Vœu en faveur d’un arrêté anti expulsions locatives sans proposition de relogement

 

 

 

Mme Danielle SIMONNET.- En 2017, on avait 244.421 demandes de logement social qui avaient été déposées ou renouvelées pour seulement 11.000 attributions, et évidemment, comme je pense que la moitié du logement social fourni doit être en conventionnement, il y a peu de logements sociaux accessibles face aux nombreux demandeurs et c’est un problème.

On est aussi sur une augmentation du nombre de personne sans abri, 3.622 personnes décomptées lors de la Nuit de la Solidarité, et on a un nombre d’expulsions locatives record, soit 1.229 procédures d’expulsion exécutées en 2018 et qui ne comptent pas toutes les personnes qui sont parties de leur logement face aux menaces d’expulsion avant que l’expulsion ne soit exécutée en tant que telle.

Voilà toutes les facettes de la crise du logement. On a 36 associations du Collectif des associations unies pour une nouvelle politique publique du logement des personnes sans abri et mal logées, qui déclaraient le 27 mars 2019 craindre une crise humanitaire avec les remises à la rue à la fin de l’hiver. En effet, à toute cette crise du logement vient s’ajouter la logique de l’hébergement au thermomètre, qui fait que dès que le printemps arrive, on ferme des milliers de places d’hébergement qui ont été ouvertes en hiver. Il est temps de passer à une politique “le logement d’abord”.

A travers ce vœu, je souhaite poser un certain nombre de questions.

Premièrement, savoir quel est l’impact des commissions locales de prévention des expulsions. Il faudrait qu’on ait une évaluation pour voir s’il faut généraliser ou si l’impact est moindre ; savoir comment cela s’est passé. Deuxièmement, que la Ville de Paris demande à la Préfecture les données concernant les expulsions locatives pour l’année 2018 et pour les 10 dernières, avec chaque fois le nombre par arrondissement et par type de bailleur ; cela me semble essentiel.
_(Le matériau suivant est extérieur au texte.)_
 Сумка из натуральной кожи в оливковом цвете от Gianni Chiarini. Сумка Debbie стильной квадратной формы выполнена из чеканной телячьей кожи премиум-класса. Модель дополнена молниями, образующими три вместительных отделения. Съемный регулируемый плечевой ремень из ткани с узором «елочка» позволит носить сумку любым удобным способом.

Ensuite, que lors de toute expulsion de domicile sur le territoire de Paris il soit fourni au maire et à son représentant qualifié la justification d’une solution effective des centres et adaptée de relogement, pour qu’on soit bien dans la règle “pas d’expulsion sans relogement”. Que la Maire de Paris – et ce sont les deux derniers points – décide de prendre un arrêté en ce sens, quitte à en assumer les conséquences devant le tribunal administratif, que la Maire de Paris fasse comme le maire de Grenoble. Si tous les maires de France se mettaient à déposer des arrêtés anti-expulsion, peut-être qu’on ferait enfin évoluer le débat. Enfin et je finirai par là, que la Maire de Paris interpelle le gouvernement et la Préfecture pour que la totalité des places d’hébergement d’hiver soit pérennisée toute l’année.
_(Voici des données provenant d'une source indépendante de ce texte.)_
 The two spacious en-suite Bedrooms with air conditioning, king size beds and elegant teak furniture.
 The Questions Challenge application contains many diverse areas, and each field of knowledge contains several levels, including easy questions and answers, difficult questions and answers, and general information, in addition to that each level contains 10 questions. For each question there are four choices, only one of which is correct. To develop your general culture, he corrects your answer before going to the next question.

J’aimerais également savoir ce qu’il en est du recensement des logements et bâtiments vides avec l’Etat et de ce bras de fer. Cela fait plus d’un an et rien n’avance.

 

Mme Danielle SIMONNET.- Je maintiens mon vœu et je voterai le vœu de l’Exécutif. Mais, dans le vœu de l’Exécutif, il n’y a toujours aucun courage pour prendre un arrêté anti-expulsion.